Prof. Robin Selinger, Advanced Materials and Liquid Crystal Institute, Kent State University

"Modeling shape transformations in liquid crystal elastomers: a machine learning approach to inverse design"

Abstract: Liquid Crystal Elastomers (LCE) are stimuli-responsive, programmable actuators that undergo shape-morphing in response to a change of temperature, illumination, or other environmental cues. The resulting actuation trajectory is programmed by patterning the nematic director field, e.g. by forming the sample between glass substrates with prescribed surface anchoring patterns. The two surfaces may have identical anchoring patterns; or if they are different, we determine the resulting complex microstructure by minimizing the Frank-Oseen free energy.
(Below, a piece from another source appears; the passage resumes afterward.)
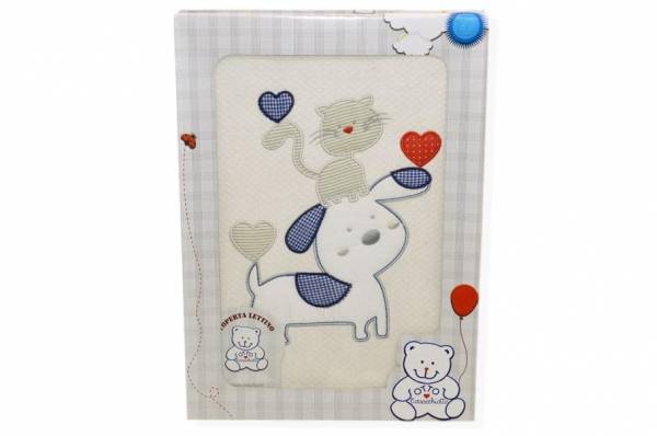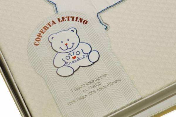 Composizione tessuto esterno 100%cotone, imbottitura 100%poliestere. Misura coperta 110x150 cm.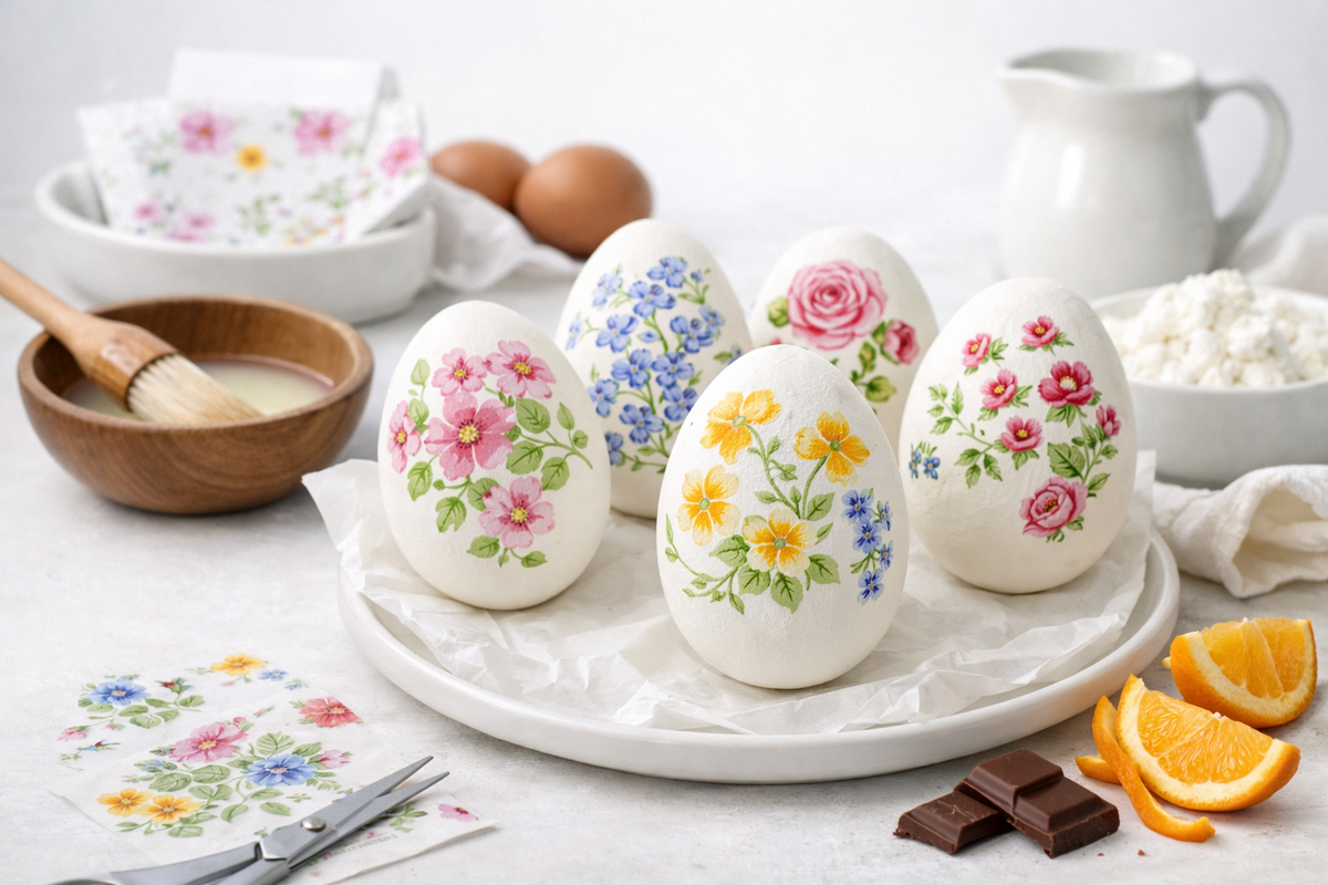 Есть пасхальный декор, на который не хочется тратить ни деньги, ни полдня. Я чаще всего беру самые обычные белые яйца, красивую бумажную салфетку и белок. Всё. Без термонаклеек, без липких рук, без пёстрых красителей, от которых потом устают глаза.

Using a GPU-based finite element simulation developed in-house, we explore mechanisms by which LCE thin coatings give rise to stimulus-driven transformations in surface topography. We investigate director microstructures containing arrays of topological defects and develop a machine learning algorithm to optimize the shape of resulting topological features, for instance to create a surface with suction cups like those of an octopus. In separate work, we describe our recent discovery that the Frank-Read source mechanism, which drives emission of concentric dislocation loops in crystalline solids, can likewise drive emission of disclination loops in a nematic liquid crystal. We discuss potential implications for controlling microstructural evolution in passive and active nematic liquid crystals.